Example 14 Production of Copolymer (B-7) In the same manner as in Example 10, a polymer solution was obtained from 588 g of styrene, 12 g of n-butyl chloride quaternary salt of diethylaminoethyl methacrylate and 6 g of a polymerization initiator. 100 g of ethyl acetate, 100 g of methanol and 6.7 g of paratoluenesulfonic acid were added to the polymer solution to form a salt, and w =
8,500 copolymers (B-7) were produced. 10 parts of this copolymer (B-7) and the resin binder (A-1) obtained in Example 1
Colored toner particles were obtained using 100 parts and 3 parts of Kayaset Blue N (manufactured by Nippon Kayaku Co., Ltd.) and evaluated in the same manner as in Example 1, and the results are shown in Table 5 below.

Example 15 Production of Copolymer (B-8) By the same method as in Example 10, a polymer obtained from 540 g of styrene, 60 g of dimethylaminoethyl methacrylate methyl chloride quaternary salt and 7.5 g of a polymerization initiator was added with toluene. 1
50 g, methanol 100 g and paratoluene sulfonic acid 42.3 g
Was added for salt formation to produce a copolymer (B-8) with w = 5,600.

Preparation of Toner Colored toner particles were obtained by using 7 parts of this copolymer (B-8), 100 parts of the resin binder (A-1) obtained in Example 1 and 3 parts of Kayaset Blue N. Evaluation was performed in the same manner as in 1 and the results are shown in Table 5 below.

Comparative Examples 9 to 16 Styrene and dimethylaminoethyl methacrylate methyl chloride quaternary salt and a polymerization initiator were blended in the ratios shown in Table 4 below, and various copolymers (Q- 9-16) and then the copolymer (Q-9-16) and the resin binder (A-
1) and 3 parts of colorant (Kayaset Blue N) are shown in the table below.
4 at the mixing ratio shown in FIG.
Colored toner particles corresponding to 9-16) were prepared. The results of evaluating the obtained toner particles in the same manner as in Example 1 are shown in Table 5 below.

Comparative Example 17 100 parts of the resin binder (A-1) obtained in Example 1, cetyltrimethylammonium bromide (colorless positive charge control agent) 1
Parts and Kayaset Blue N 3 parts were used to obtain colored toner particles in the same manner as in Example 10 and evaluated in the same manner as in Example 1, and the results are shown in Table 5 below.

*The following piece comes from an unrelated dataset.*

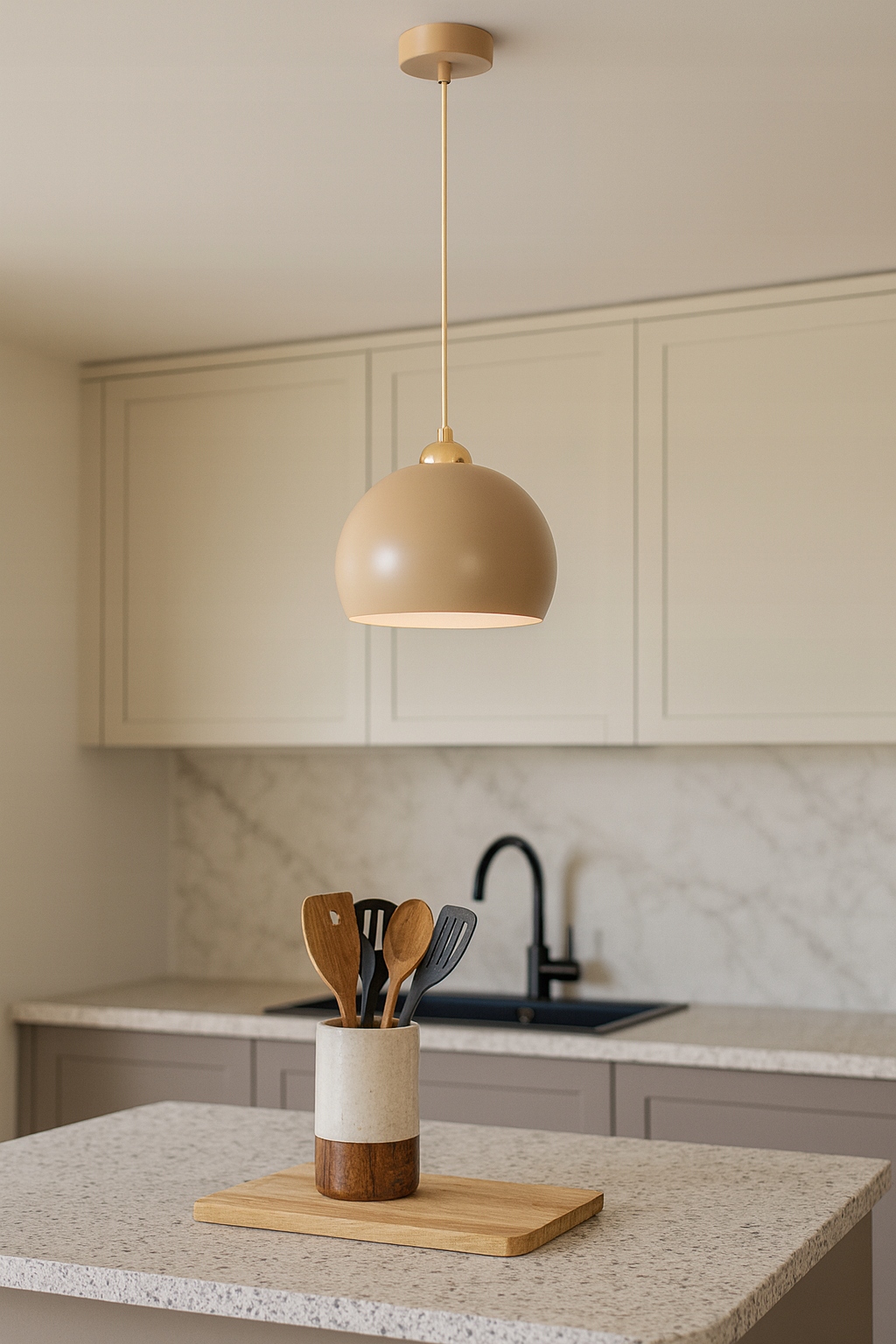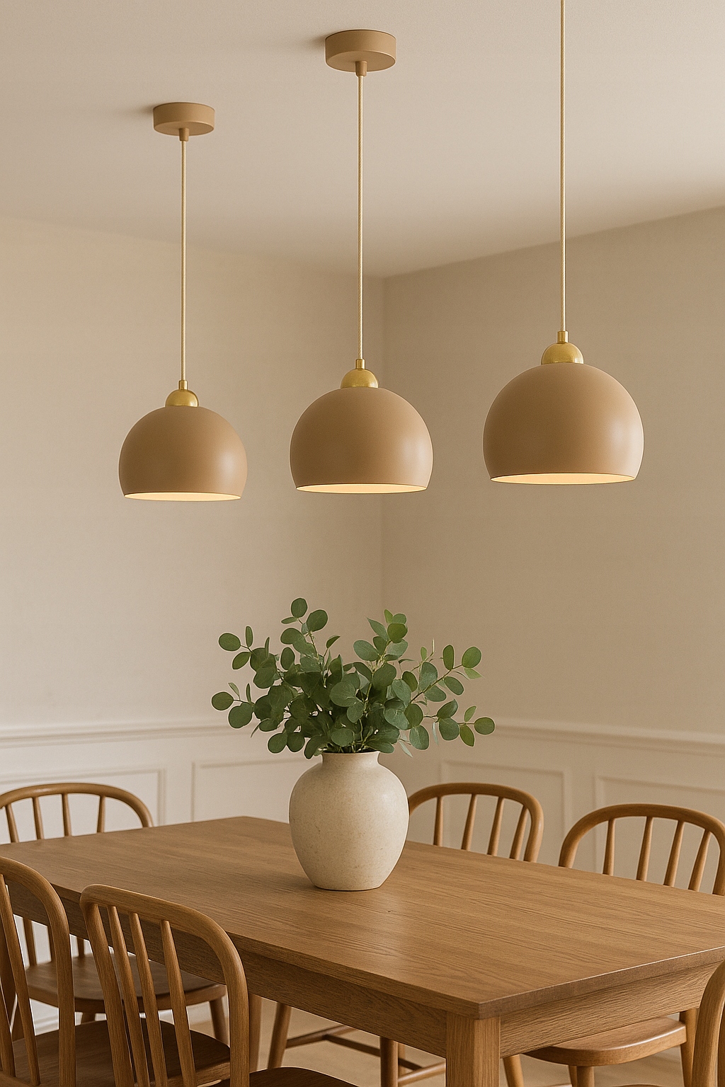 Nowoczesna lampa wisząca sufitowa Solena w kolorze kaszmiru z dodatkiem złota to jeden z naszych najnowszych produktów wpasowywujący się w najnowsze trendy w wykończeniu wnętrz. Jej piękny kaszmirowy kolor oraz złote dodatki wprowadzą do Twojego pomieszczenia odrobinę luksusu i elegancji.
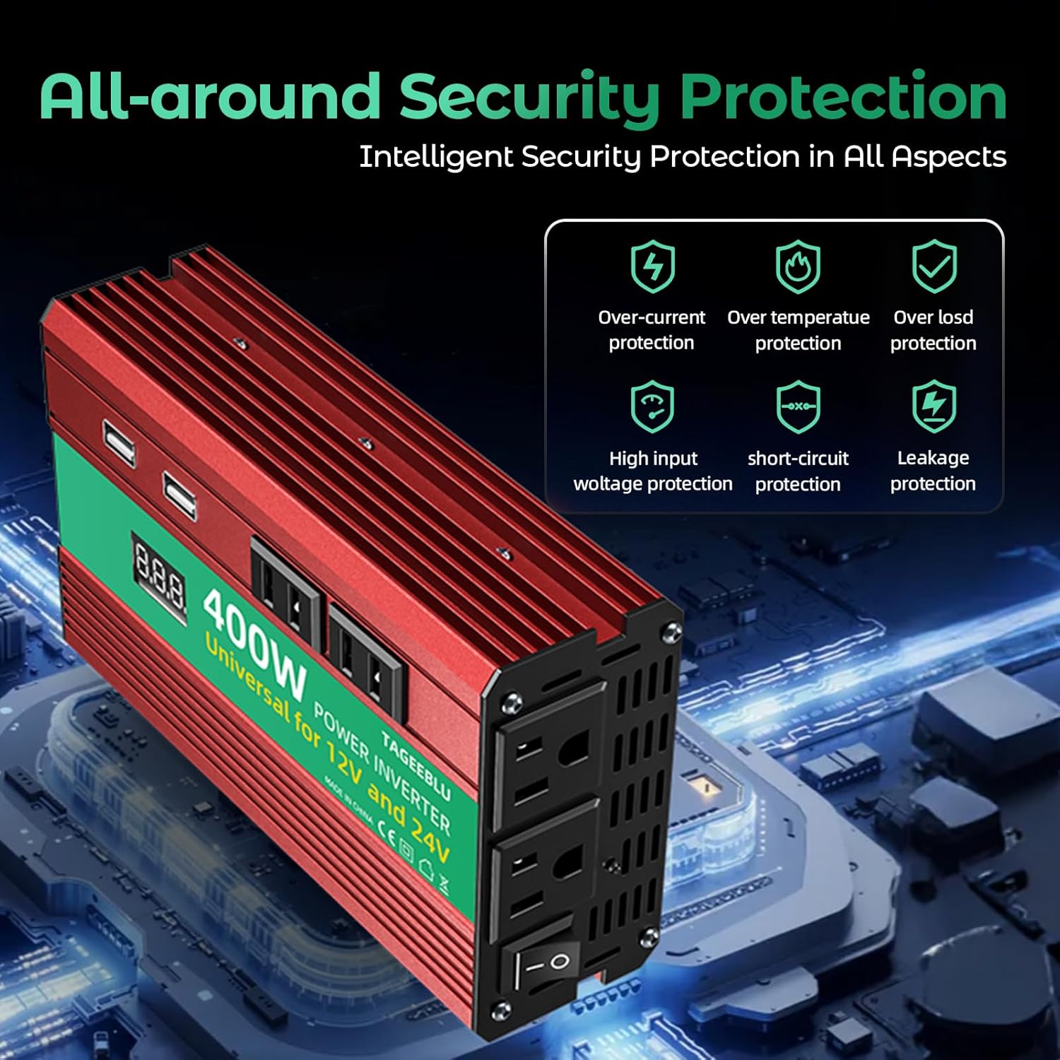 - 【Powerful output】The TAGEEBLU Power Inverter offers a continuous DC to AC power supply of 400W, converts 12V/24V DC battery power to standard 110V AC, with a peak surge of 800W during load startup. Conversion efficiency > 92%. It employs advanced high-frequency transformers and features 100% pure copper ultra-flexible cables, ensuring a high level of safety during use

[Advantages of the Invention] The positively charged toner for electrophotography provided by the present invention has stable charging characteristics, has a small change in charge amount due to environmental changes, and has excellent electrophotographic characteristics.

Further, even in the case of mixing the binder and the positive charge control agent, the compatibility of a colorless or light-colored transparent state can be obtained, and when a color toner is formed, a colored toner having a clear color tone can be obtained.
It has an extremely excellent effect.

Claims (1)

(57) [Claims] 1. A resin binder comprising (A) a copolymer of styrene and / or α-methylstyrene and a (meth) acrylic acid alkyl ester, at least one resin selected from polyester resins and epoxy resins. , (B) The following formula In the formula, R ₁ is a hydrogen atom or a methyl group, and the repeating unit represented by 65 to 97% by weight and the following formula In the formula, R ₂ is a hydrogen atom or a methyl group, R ₃ is an alkylene group, and R ₄ , R ₅ and R ₆ are each an alkyl group. A quaternary ammonium salt group-containing copolymer having a weight average molecular weight in the range of 2,000 to 10,000, 1 to 10 parts by weight per 100 parts by weight of the resin binder, and (C) a colorant for electrophotography. Chargeable toner.